ZUSAMMENFASSUNG DER ERFINDUNG

Die Erfindung stellt ein verbessertes Quetschventil bereit, welches im Patentanspruch 1 angegeben ist. Dieses kann in Kombination mit einem Absperrventil eine Verbindung zur Fluidhandhabung bilden, welche eine verbesserte Einrichtung zum Befüllen und Abdichten einer unter Druck stehenden Form ermöglicht. Die Verbindung kann leicht für einen automatischen Betrieb angepaßt werden. Die Verbindungselemente lassen sich einfach herstellen und montieren und sie lassen sich einfach reinigen. Die Verbindung umfaßt eine Fülldüse, in welche das Quetschventil nach der Erfindung eingebaut ist, und die mit einer dicht verschließbaren Füllöffnung zusammenarbeitet, welche als ein Absperrventil wirkt. Die Düse ist ein Teil eines Polymerabgabesystems, und eine der Füllöffnungen ist ein Teil der jeweils gesonderten Form. Das Fülldüsenventil ist ein kompaktes Quetschventil, bei dem eine neuartige Anbringung zwischen der Ventilhülse und dem Gehäuse zum Einsatz kommt, welche nicht die Strömung durch die Hülse behindert oder zu Bereichen führt, an denen der Fluidstrom stillstehen kann. Auch sind keine vorspringenden Teile an der Außenseite des Gehäuses erforderlich.

Die Düsen- und Öffnungselemente können leicht von als Abfall anfallendem Polymer gereinigt werden, wobei die Öffnung nach jedem Gebrauch gereinigt wird, und die Düse nur periodisch gereinigt wird, um ein Einbringen von gehärtetem oder auf andere Weise qualitativ vermindertem und als Abfall anfallendem Polymer in die Form zu verhindern. Nach der Abnahme kann die Düse an einer anderen Form angebracht werden, und die ursprüngliche Form kann entlang einer Verarbeitungslinie zu einer anderen Station bewegt werden. Das System läßt sich leicht zum automatischen Befüllen einer Gießform anpassen. Die Verbindung ist insbesondere bei einer Form zweckmäßig, welche vom Boden her zu befüllen ist, und bei der die Düse abgenommen werden kann, ohne daß die Form nochmals ausgerichtet zu werden braucht. Eine weitere Öffnung mit derselben Auslegung kann auch in Verbindung mit einem gebogenen Einweg-Rohr zweckmäßig sein, um eine Verbindung für eine Entlüftung und ein Überfüllen zu bilden.

Die Erfindung bezieht sich ferner auf ein Verfahren zum Herstellen eines derartigen Quetschventils, welches im Patentanspruch 5 angegeben ist.

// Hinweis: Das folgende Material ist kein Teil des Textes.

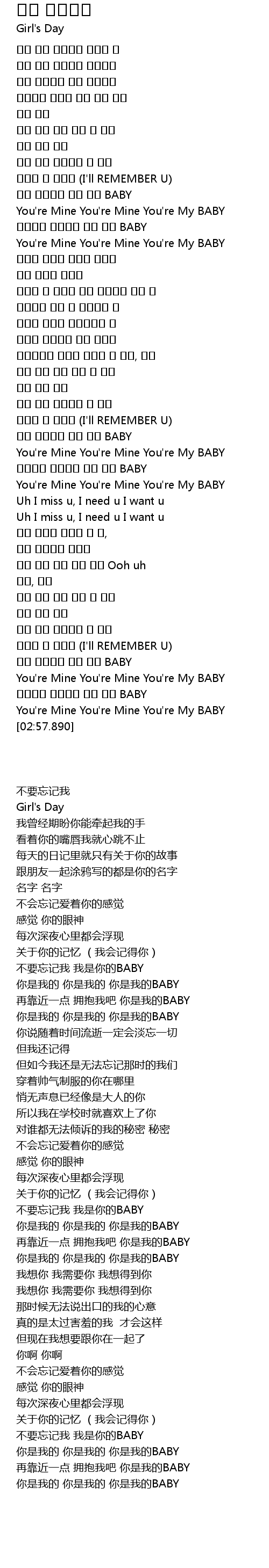 | [02:43.48] | 不要忘记我 我是你的BABY |
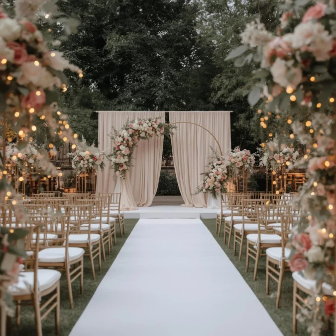 Cream colored drapes provide a neutral screen behind the floral arch. Golden chairs line the white runner for a clean and elegant finish.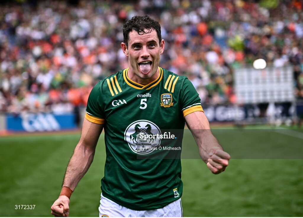 29 June 2025; Donal Keogan of Meath celebrates after his side's victory in the GAA Football All-Ireland Senior Championship quarter-final match between Meath and Galway at Croke Park in Dublin. Photo by Piaras Ó Mídheach/Sportsfile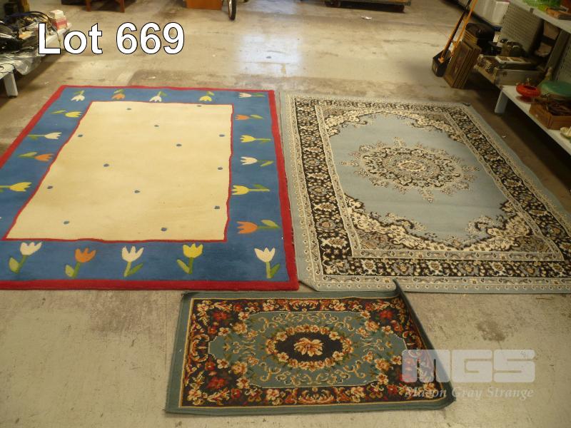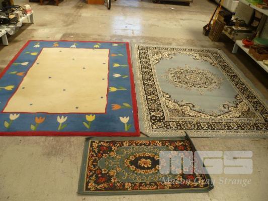 3 x ACRYLIC FLOOR RUGS INC, MULTI COLOUR WITH TULIPS, 224 x 167cm, BLUE/GREY PATTERNED, 226 x 161cm & RED/BLUE/BEIGE PATTERN, 99 x 56cm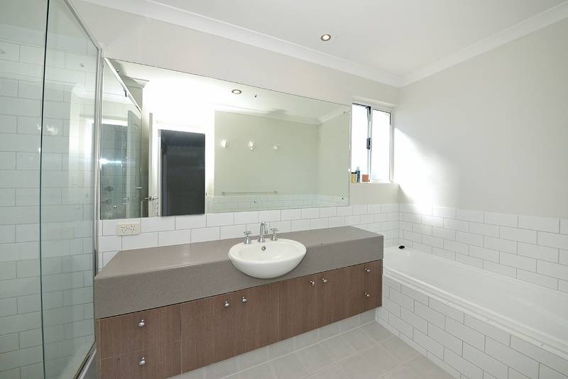2nd bathroom with extra length bench/mirror, bath and shower with glass screen
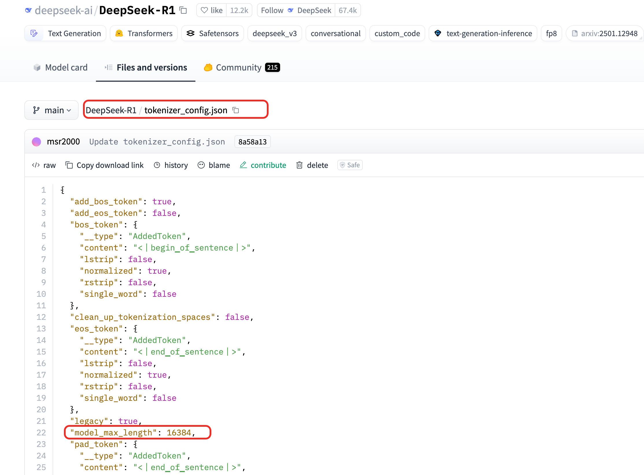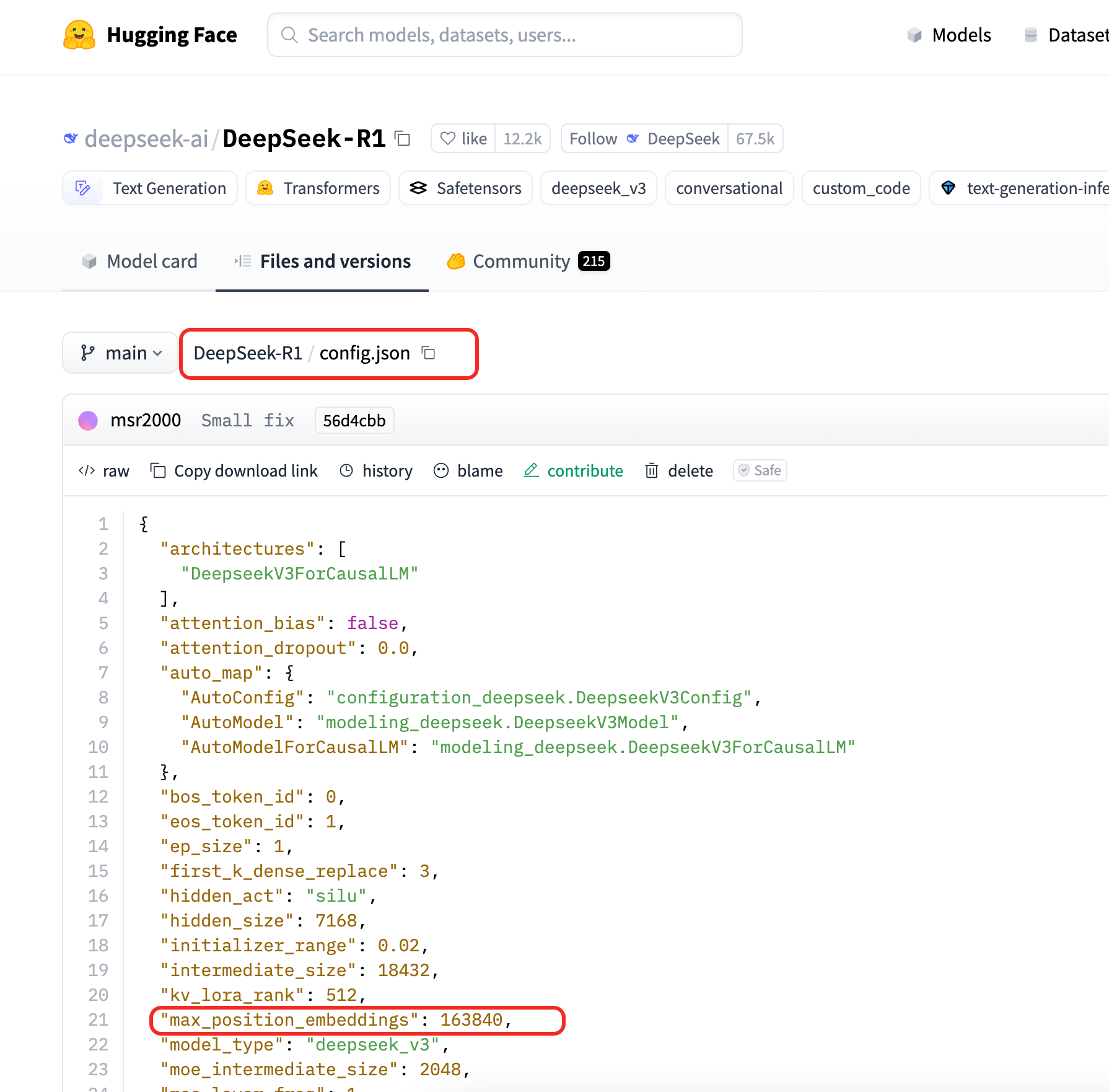 在 huggingface 上面找到 [DeepSeek-R1](https://huggingface.co/deepseek-ai/DeepSeek-R1/tree/main),在config.json中有"max_position_embeddings":163840,如下图所示:

KURZBESCHREIBUNG DER ZEICHNUNGEN

Fig. 1 ist eine Seitenansicht einer Form, welche zum Befüllen vom Boden her ausgerichtet ist, und welche eine Verbindung enthält.

Fig. 2 ist eine vergrößerte Schnittansicht einer Formfüllverbindung in einer offenen Füllposition.

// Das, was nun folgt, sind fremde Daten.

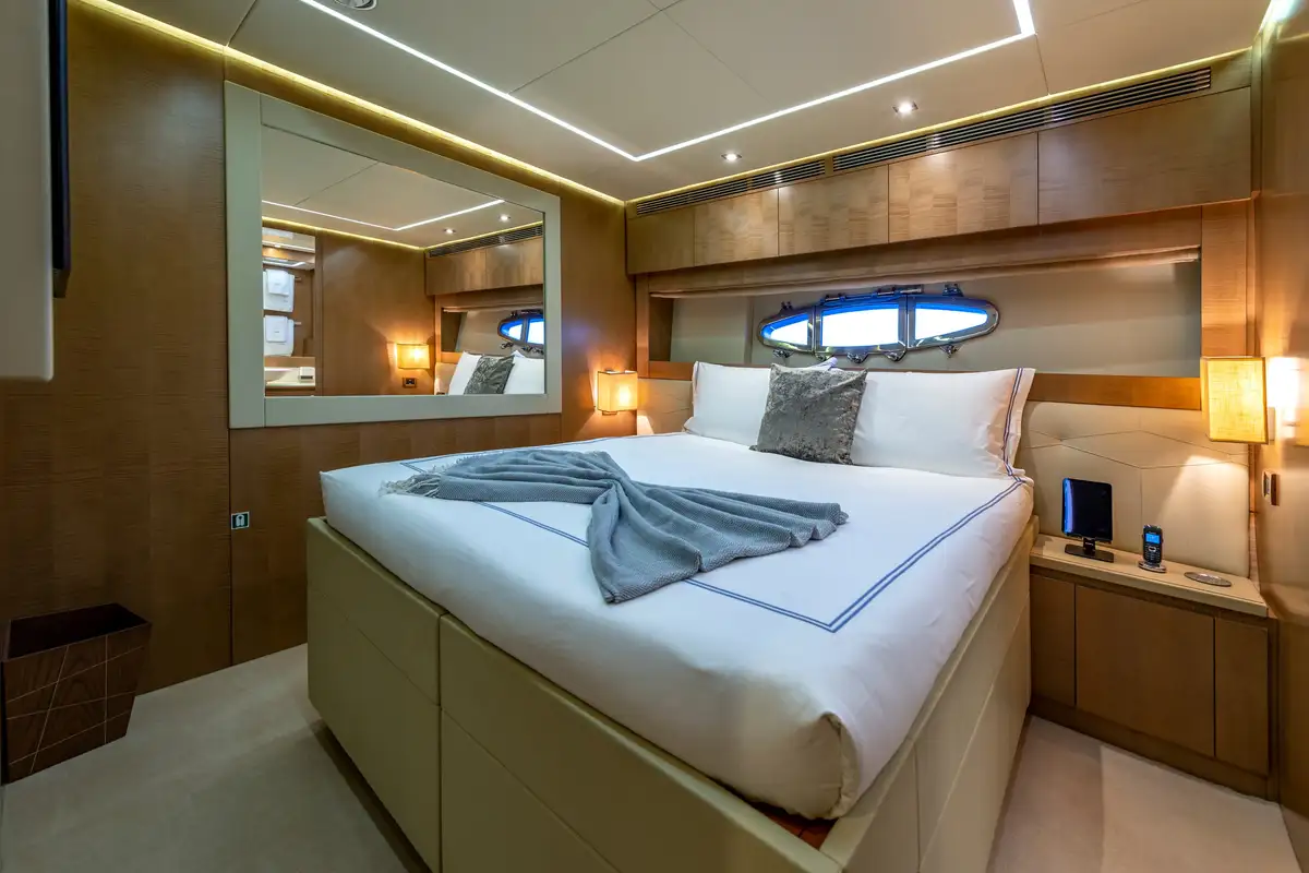 This yacht can accommodate eight guests in four cabins on the lower deck. Access via a staircase from the main deck lounge. On the right is the entrance to the spacious owner's suite, which is made up of an office area, full-beam cabin with a forward-facing bed and large en suite bathroom.

Fig. 3 ist eine Fig. 2 ähnliche Ansicht, bei der die Verbindung in einer Schließposition gezeigt ist.

Fig. 4 ist eine Ansicht einer Entlüftungs- und Überfüll- Verbindung.

Fig. 5 ist eine vergrößerte Ansicht des dicht verschließbaren Öffnungselements oder Absperrventils der Verbindung.

Fig. 6 ist eine perspektivische Ansicht des neuartigen Quetschventils nach der Erfindung.

Fig. 7 ist eine schematische Schnittansicht der Anordnung von Teilen zur Herstellung einer Quetschventilhülse.

Fig. 8 zeigt ein zylindrisches Absperrventil.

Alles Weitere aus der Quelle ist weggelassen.